After months of wrangling, Democratic lawmakers have agreed on a drug pricing bill. The House could vote on it within days.
If it becomes law, we’re going to see some unfortunate consequences that legislators can’t possibly have intended. By ignoring what they may have thought were minor details, they’re about to distort the entire drug-development ecosystem to society’s detriment.
In an attempt to save the government money, the proposal allows Medicare to impose price controls on a range of prescription medicines after varying lengths of time on the market. Those price controls, and the complex rules and caveats surrounding them, will deter investors like me from backing certain research projects, skewing the kinds of drugs patients will eventually have access to.
Let’s look at some of the adverse consequences.
First, the drug pricing bill would ironically encourage drug companies to concentrate on complex, large molecule “biologic” drugs — which are typically injected — instead of small-molecule drugs typically taken in pill form that are easier and cheaper to make and administer. That’s because the legislation would make small-molecule drugs eligible for price controls nine years after they launch, whereas biologics would be shielded from price controls for 13 years.
If lawmakers must skew the playing field one way or the other, they should encourage the development of drugs that are easier for patients to take and that tend to go generic more quickly and efficiently. Instead, Congress is poised to incentivize companies to develop biologics that are, on average, more expensive to produce and more difficult for patients to take — and to take as prescribed — often requiring physicians to administer them, adding to costs.

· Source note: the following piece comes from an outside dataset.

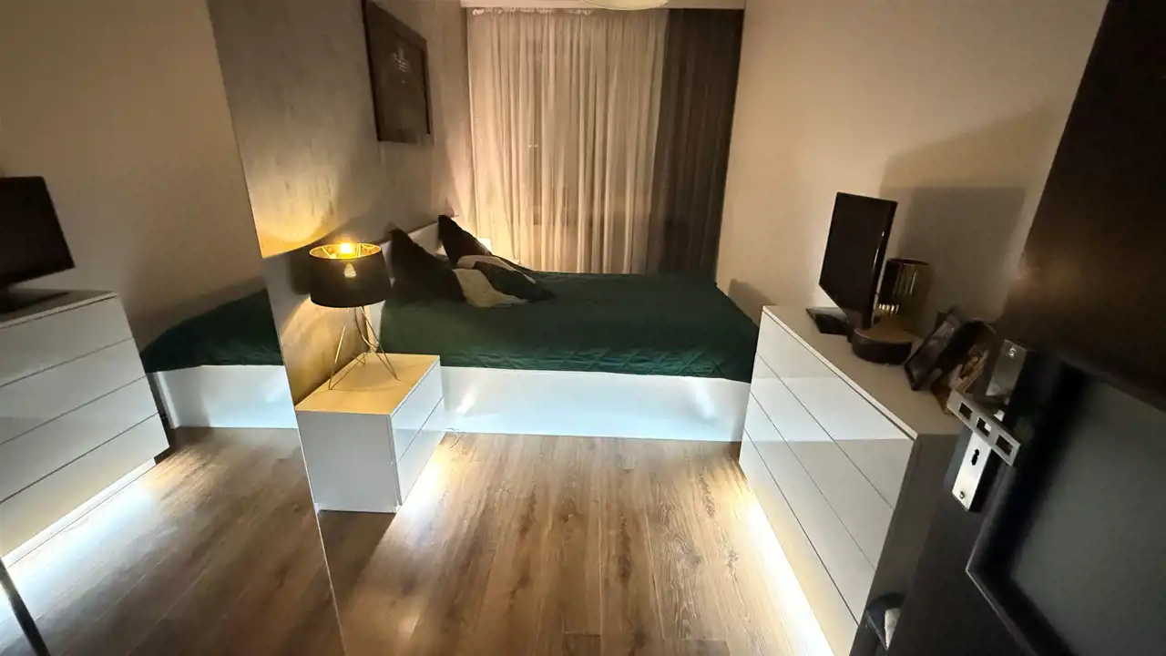 Całość została wykończona w wysokim standardzie, z dbałością o detale i spójność stylistyczną. Zabudowy wykonane na wymiar, nowoczesne oświetlenie – w tym klimatyczne LED – oraz dobrej jakości materiały sprawiają, że mieszkanie nie wymaga żadnych nakładów finansowych. To typ nieruchomości, do której wchodzisz i po prostu zaczynasz mieszkać.

In so doing, the proposed drug pricing bill would also undermine a part of President Biden’s agenda: curing cancer. Numerous cancers have intracellular targets — proteins inside cancer cells — that can be “drugged” only with small molecules that are able to get into cells, not large biologic molecules that can’t. Championing a cancer moonshot while discouraging research into small molecules is like saying you want to go to the moon while discouraging the use of rockets.
Second, the price-control scheme would discourage companies from seeking new uses for existing drugs.
These days, companies continue to discover new diseases they can treat even a decade after a drug has launched, because they still have time to turn a profit. For example, after the Food and Drug Administration approved the first SGLT2 inhibitor to treat diabetes in 2013, companies saw signals by 2016 that these drugs might also treat heart failure. After running a big, expensive, risky trial, AstraZeneca sought FDA approval for Farxiga (dapagliflozin) to treat heart failure — and received that approval in 2020, after which the company still had 10 years of market exclusivity during which to profit from that investment without generic competition.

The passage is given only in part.